Art Link facilitated workshops and residencies by professional artists, brought live performances into institutions, and trained staff in creative methods. A 1991 reflection by coordinator Lee Corner described the organisation as "all the people who are involved in it", emphasising its collaborative and relational character.

== Policy Context ==
Art Link's work reflected broader changes in UK arts policy. In the 1980s, under the Thatcher government, public arts funding was reduced and organisations were increasingly expected to demonstrate social impact. Following the Arts Council report The Glory of the Garden (1984), regional organisations were tasked with improving access while meeting new efficiency standards. Art Link adapted by embedding artists in care institutions and framing its work in terms of social benefit, anticipating later models of arts in health and criminal justice.

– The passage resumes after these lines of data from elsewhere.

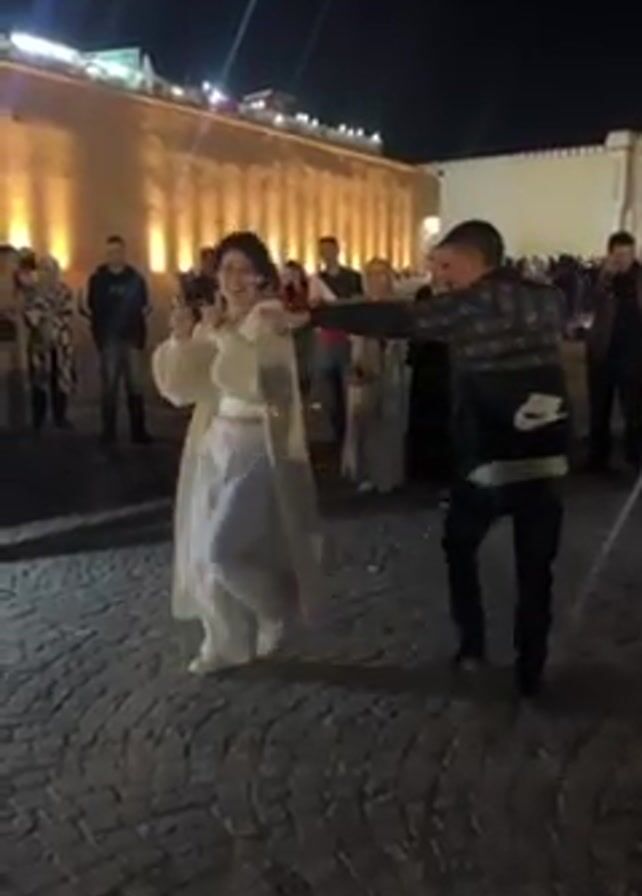 A woman and a man are dancing in a plaza at night. The woman is wearing white pants, a white top, and a white sweater. The man is wearing dark pants and a dark jacket with a Nike logo on it. The plaza is paved with cobblestones and there are many people in the background. There is a large, lit building behind them. The woman makes a peace sign with her fingers and seems to be enjoying herself. They are dancing and laughing.
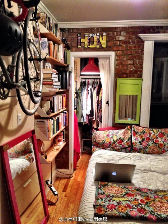 只看这个角落,信息量已经很大,让我幻想到,如果你有一个小一居,衣服又多到不行,可以把客厅当卧室,把小房间当走入式衣橱!
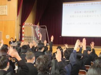 当日は、当出張所の職員が講師となり、国の財政や税金について説明したほか、生徒それぞれが国の予算編成をシミュレーションし、グループに分かれ意見交換しました。
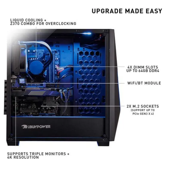 I purchased this for a client, largely due to the bitcoin-driven run-up in retail graphics card prices. I would typically have built a custom gaming rig, but buying this pre-built was actually cheaper with a few extra bells and whistles like the whiz-bang LED lighting. The Good: Fast...really fast. The 8th generation i7 6-core processor, 16GB of RAM, SSD and conventional hard drive, Asus GTX 1070 with 8GB DDR5 and factory installed liquid cooling check all the right boxes for some serious, out-of-the-box performance and over-clocking capabilities if so desired. The case is fairly sturdy with solid, thick tempered glass sides to show off the spiffy RGB LED lighting inside, and the red LED lit accent stripe on the front adds an extra bit of interest. Power switch, USB and audio ports are on the top and easily accessible. Then it gets a bit weird. Inside this massive case, there are surprisingly minimal upgrade capabilities. In the apparent minimalist goal to provide a squeaky clean view through the glass side panels, there are only mounting points for two SSDs in the main compartment, and two HDDs hidden behind the motherboard plane and accessible from the right side. Unfortunately, adding a second hard drive also requires an extension SATA power cable since the existing one does not have enough space between connectors to reach both drives with the vertical mounting scheme. You would have thought they would have discovered and corrected this oversight, but then this computer was never really designed for much expansion. In keeping with current gaming case design trends, there are no external drive bays, so adding an optical drive or other front panel accessories isnt an option. The not-so-good: After setting up the computer and adding the clients old data drive as a second HDD (and extension SATA power cable due to aforementioned issue), I found on delivery and in-home setup that no WiFi adapter was identified. Nothing showed up under the Network settings and nothing in Device Manager. I first contacted Amazon, whos only response was to start the return process. This wasnt really an option since they were then sold out, and I had just spent several hours configuring the computer with my clients personal information and apps, so I contacted iBuypower. Tech support (and I use the term loosely) never bothered to try to assist me with troubleshooting, and simply suggested that I send this monster back to them for evaluation, sending me an RMA. Again, that would mean spending more hours removing client data and hard drive, then repeating setup again when computer was returned. The concept that I didnt feel I should have to spend several hundred dollars of unbillable time for their mistake was apparently beyond the grasp of the "support" person. I asked if they could tell me where to look for the adapter inside the case and they couldnt. I even offered to send them a screen shot of Device Manager showing no WiFi adapter connected and photos of the interior, but they insisted the only way they could (or would) resolve the issue was to send the entire computer back to them. Since the client didnt need WiFi initially, I left things alone and attempted to find additional information, which was in scarce supply. The clients situation changed and they needed to move the computer to a room that required working WiFi. Another unbillable visit to loan him a USB WiFi adapter, and further investigate inside the computer to see if I could find anything I had previously missed. This time, I found the WiFi adapter hidden up near the top of the case, a Realtek micro USB attached to a cable that was supposed to have been connected to a USB port on the motherboard, operative word being "supposed to." The cable had never been connected in factory assembly, nor apparently had the computer gone through any kind of QC to confirm all components were installed and functioning correctly. I reconnected the USB cable and the adapter showed up. Unfortunately, the WiFi adapter included with this system seems fairly wimpy for a full-on gaming rig. Connection speed to their Netgear R6300v2 router on 5G yielded only about 345 MB, and Ookla Speedtest app showed only 88 Mbps downstream. For comparison I plugged in an external Netgear A2600 USB adapter and connection speed went up to 565 GB and Speedtest yielded 289 Mbps downstream. Maybe its the fact that the WiFi adapter is inside the metal case and thats shielding it, but performance is definitely wanting on this front. Conclusion: Lots of bang for the buck with some sexy RGB lighting bling thrown in for sex appeal. Minimal expansion capabilities, and no external front bays. Quality control is lacking and tech support could be improved. RGB lighting is cool, but need to have remote fairly close to change and was not compatible with MSI motherboard or Asus video card standards, so not able to incorporate those components in an overall lighting scheme. Wimpy included WiFi adpater will likely not be sufficient for any serious online gaming.
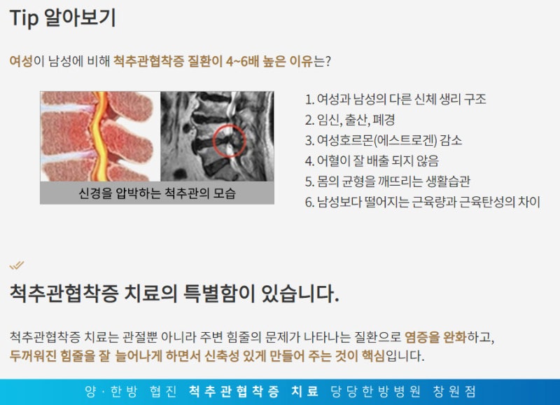 오늘은 척추관 협착증 수술 후 재활 치료 때문에 창원 마산 진해 지역에서 재활 병원을 찾아갈 때의 참고 사항을 설명합니다.특정하고 재활 병원을 추천하기 어려운 점이 있습니다.창원 마산 진해 재활 병원에 대한 만족도는 개인차가 크기 때문에, 몇가지 참고 사항을 알린 것이 좋다고 판단했습니다.척추관 협착증 수술 후 재활 치료 과정을 먼저 설명합니다.척추관 협착증은 운동 부족의 자세의 문제 등 여러 원인에서 나타납니다.증상에 따라서는 따로 치료까지 받지 않고 휴식하면서 회복될 경우도 있지만, 보행 장애나 일상 생활에도 지장을 받게 되고 치료를 필요로 하는 경우도 있습니다.치료 방법으로는 물리 치료, 재활 운동 요법, 주사 요법 등 여러 방법이 있습니다.여러가지 방법이 있습니다.재활의 관점에서 설명하자면 가장 중요한 것은 규칙적인 운동과 자세 교정입니다.운동도 자세 운동 강도 프로그램 등을 체크해야 합니다.잘못된 운동은 협착증을 더 나쁘게 합니다.단순히 운동만 열심히 하는 것이 아니라 일상 생활에서도 잘못된 자세를 피하고 바른 자세를 유지하려고 노력해야 합니다.다만 올바른 자세는 개개인의 특성에 의해서 다른 경우가 있고 주변 환경에 의해서 변화하는 경우도 있습니다.척추관 협착증 수술 후 재활은 1대 1의 운동 치료를 중점으로 하게 됩니다.수술 후 초기에는 지나치게 긴장한 허리와 주변 근육에 대한 이완 운동과 도수 치료를 할 수 있습니다.최대한 부드럽게 해야 할 단계이고, 상황에 따라서는 휴식이 좋은 치료도 됩니다.근력 운동은 코어 운동을 주로 하게 되어 움직임을 유지하는 정적 운동에 갑니다. 또 호흡 운동도 추가될 수 있습니다.수술 후 중기에는 더 큰 강도의 운동을 벌이게 됩니다.허리 둘레의 코어 운동만 아니라 상지, 하지를 이용해도 허리의 근력 운동을 실시합니다.이 시기는 수술 전과 비교하면 통증이 많이 없어지므로 예전과 같은 생활을 한다고 생각합니다. 이 단계에서 자세 교정이 필요하므로 올바른 자세를 유지하려고 노력하세요.나중에 통증이 다시 일어나서 자세를 교정하면 늦어집니다.마지막 단계 척추관 협착증 수술 후 재활 치료의 최종 목표는 스스로 운동하고 관리하는 것입니다.이 단계에서는 운동 교육 부분을 중점으로 하게 됩니다.관리 방법을 갖추게 되면 앞으로 협착증의 증상이 재발하더라도 큰 어려움 없이 혼자서 극복할 수 있습니다.혼자 운동하기가 쉽지 않거나, 노년층 대상자는 센터 등의 도움을 받으며 관리를 하는 경우도 있습니다.그래서는 재활 병원 치료의 도움을 받는다면 창원 마산 진해 재활 병원은 어디에 가야 하나요?
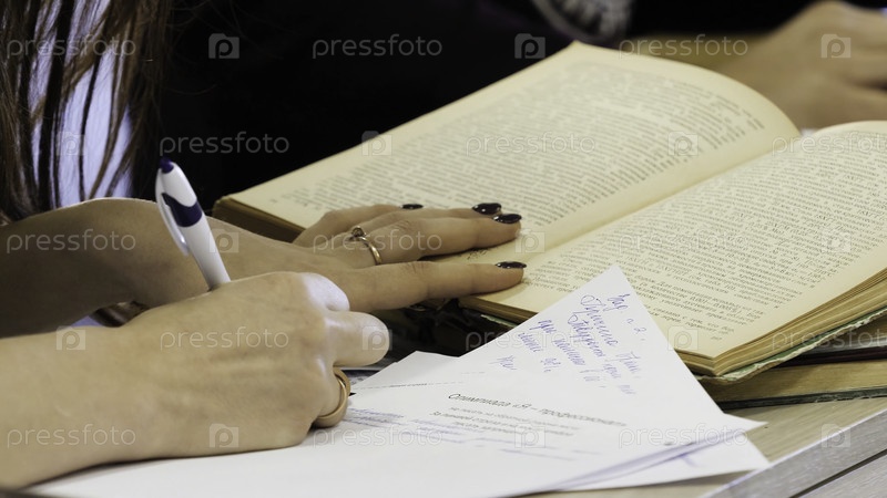 Школьница сдает экзамен на написание ответа в классе по концепции образования и грамотности
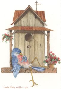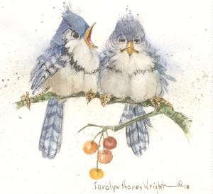 My Mom always dearly loved her Carolyn Shores Wright “Bird Life” with the bluebird at the bottom of a three bird image. After she passed away, we hung it in our home to honor her, as well as to continue to enjoy the priceless expressions on the faces of the birds.

In the 1990s, under New Labour, cultural policy increasingly emphasised social inclusion, access, and regeneration, aligning closely with Art Link's participatory approach.

== Legacy ==
Art Link – West Midlands contributed to the development of fields such as Arts in health, Creative ageing, and Arts in criminal justice. Its cross-sector collaborations, residencies, and participatory ethos prefigured practices now common in socially engaged art. Cultural policy researchers cite initiatives such as Art Link as early examples of socially engaged practice that combined artistic and social objectives in innovative ways.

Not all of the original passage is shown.